▸ **Data**:
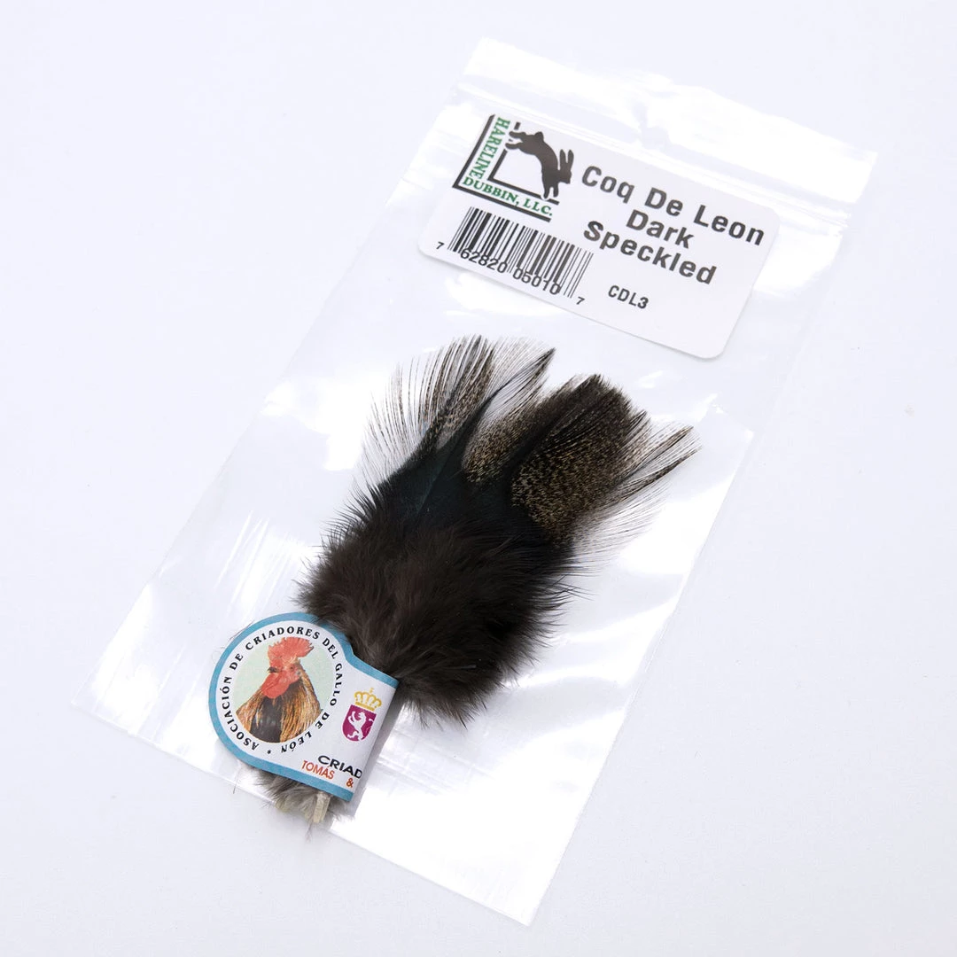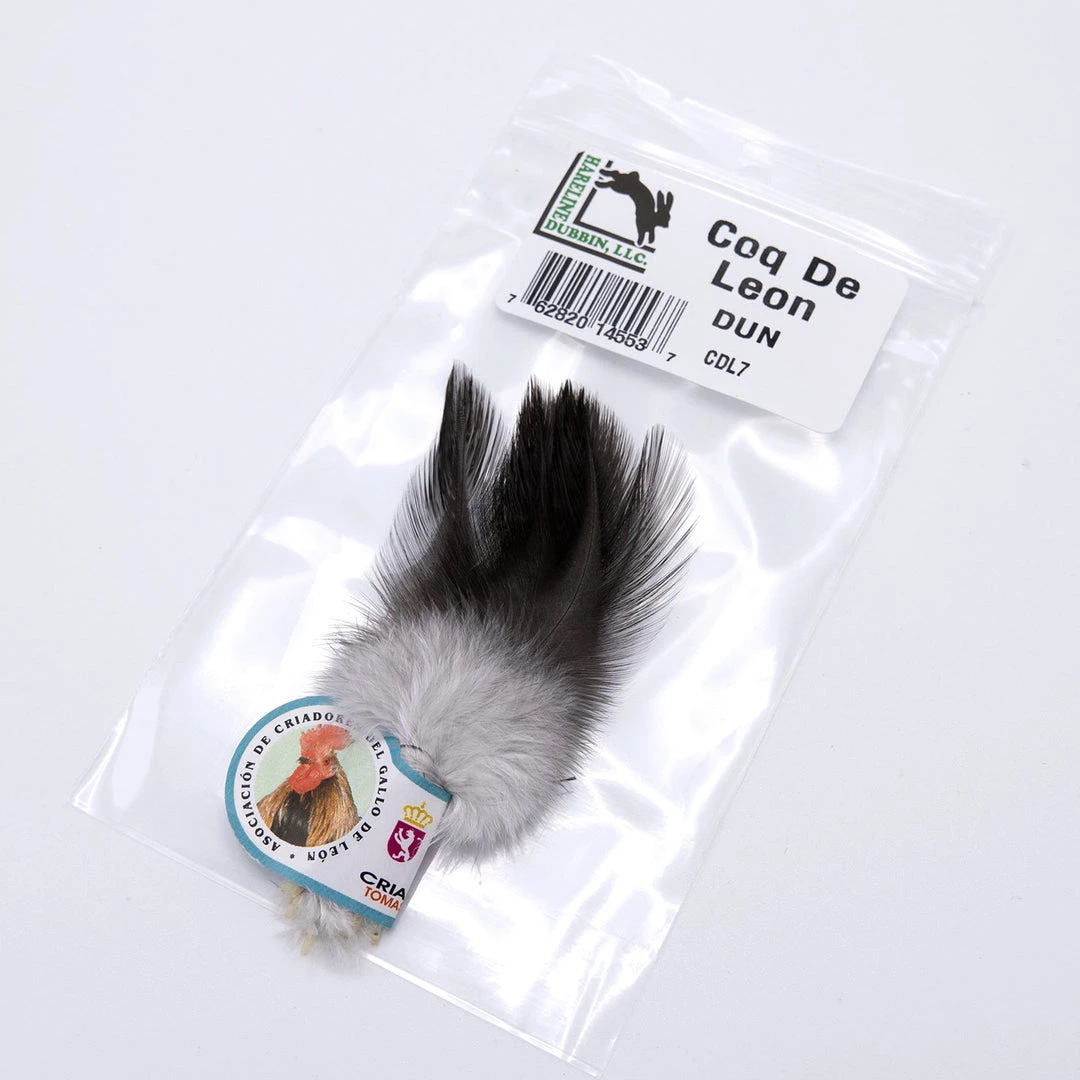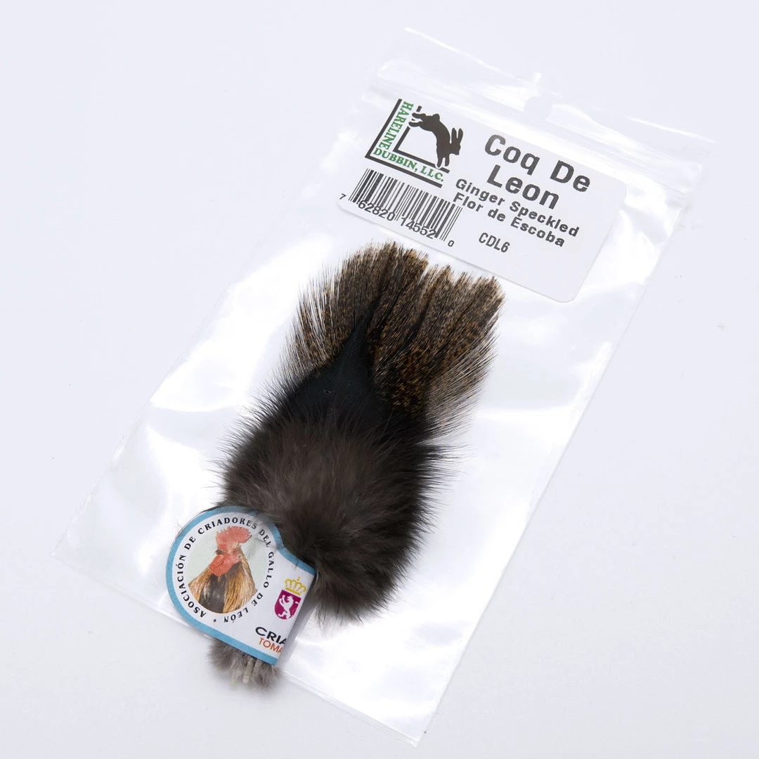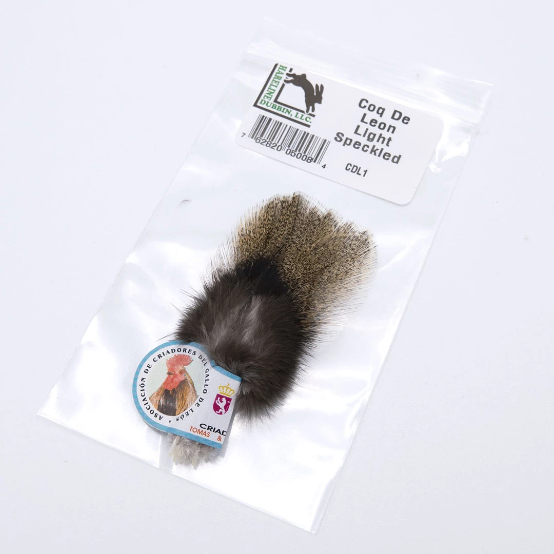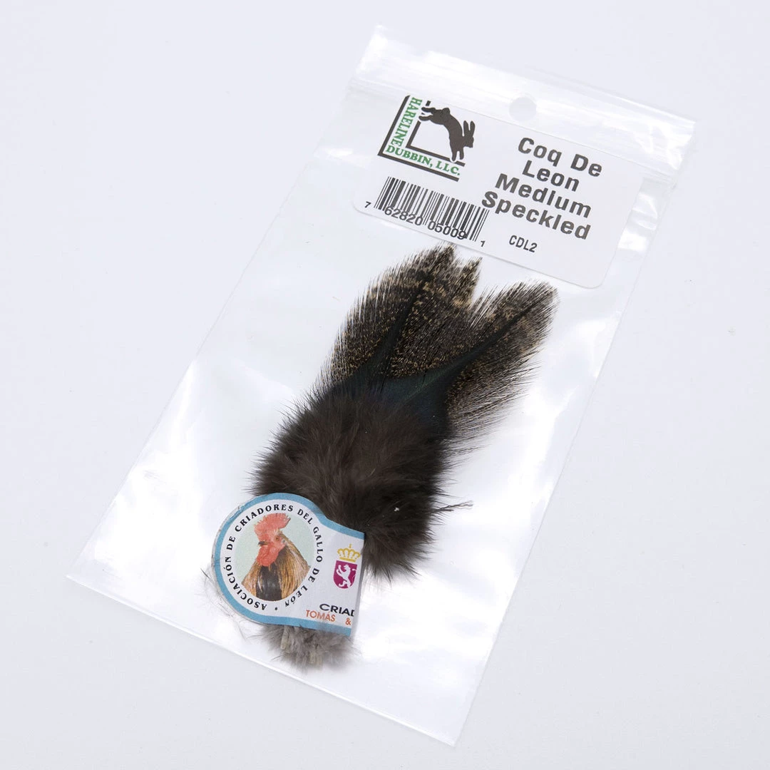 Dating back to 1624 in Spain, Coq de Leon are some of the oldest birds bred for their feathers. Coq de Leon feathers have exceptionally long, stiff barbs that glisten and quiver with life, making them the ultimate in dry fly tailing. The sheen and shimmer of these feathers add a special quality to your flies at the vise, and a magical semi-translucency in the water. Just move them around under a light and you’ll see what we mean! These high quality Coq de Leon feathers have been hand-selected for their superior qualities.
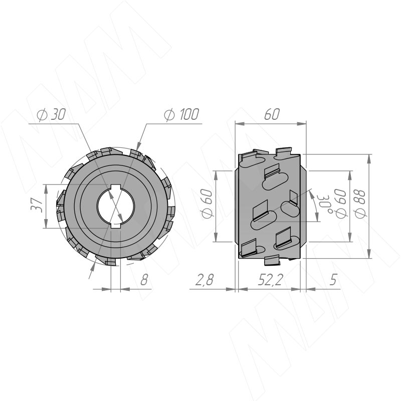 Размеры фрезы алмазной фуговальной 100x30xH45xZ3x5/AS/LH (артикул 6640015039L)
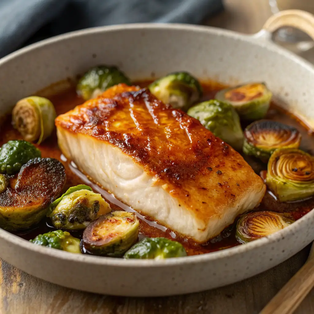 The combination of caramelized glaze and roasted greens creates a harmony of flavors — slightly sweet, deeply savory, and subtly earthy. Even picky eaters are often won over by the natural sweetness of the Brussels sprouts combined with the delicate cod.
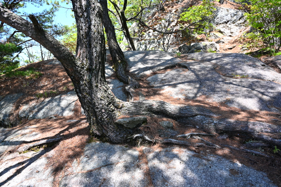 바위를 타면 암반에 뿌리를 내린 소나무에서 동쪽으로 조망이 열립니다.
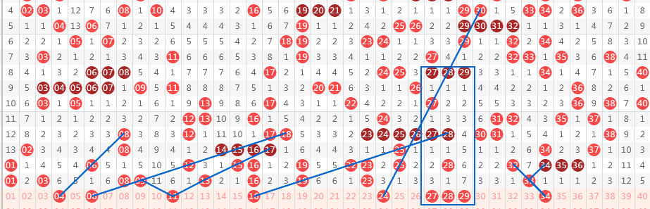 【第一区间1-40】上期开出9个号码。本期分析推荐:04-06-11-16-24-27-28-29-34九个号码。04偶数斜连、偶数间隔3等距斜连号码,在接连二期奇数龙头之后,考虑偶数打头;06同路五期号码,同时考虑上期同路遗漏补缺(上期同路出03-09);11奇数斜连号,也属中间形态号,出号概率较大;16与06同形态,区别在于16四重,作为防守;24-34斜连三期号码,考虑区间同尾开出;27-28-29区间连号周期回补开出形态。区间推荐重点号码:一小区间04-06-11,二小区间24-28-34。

▸ **What the exercise asks**:
In your copy of the listing, please omit the pictures and keep every word exact.

▸ **Result**:
 Dating back to 1624 in Spain, Coq de Leon are some of the oldest birds bred for their feathers. Coq de Leon feathers have exceptionally long, stiff barbs that glisten and quiver with life, making them the ultimate in dry fly tailing. The sheen and shimmer of these feathers add a special quality to your flies at the vise, and a magical semi-translucency in the water. Just move them around under a light and you’ll see what we mean! These high quality Coq de Leon feathers have been hand-selected for their superior qualities.
 Размеры фрезы алмазной фуговальной 100x30xH45xZ3x5/AS/LH (артикул 6640015039L)
 The combination of caramelized glaze and roasted greens creates a harmony of flavors — slightly sweet, deeply savory, and subtly earthy. Even picky eaters are often won over by the natural sweetness of the Brussels sprouts combined with the delicate cod.
 바위를 타면 암반에 뿌리를 내린 소나무에서 동쪽으로 조망이 열립니다.
 【第一区间1-40】上期开出9个号码。本期分析推荐:04-06-11-16-24-27-28-29-34九个号码。04偶数斜连、偶数间隔3等距斜连号码,在接连二期奇数龙头之后,考虑偶数打头;06同路五期号码,同时考虑上期同路遗漏补缺(上期同路出03-09);11奇数斜连号,也属中间形态号,出号概率较大;16与06同形态,区别在于16四重,作为防守;24-34斜连三期号码,考虑区间同尾开出;27-28-29区间连号周期回补开出形态。区间推荐重点号码:一小区间04-06-11,二小区间24-28-34。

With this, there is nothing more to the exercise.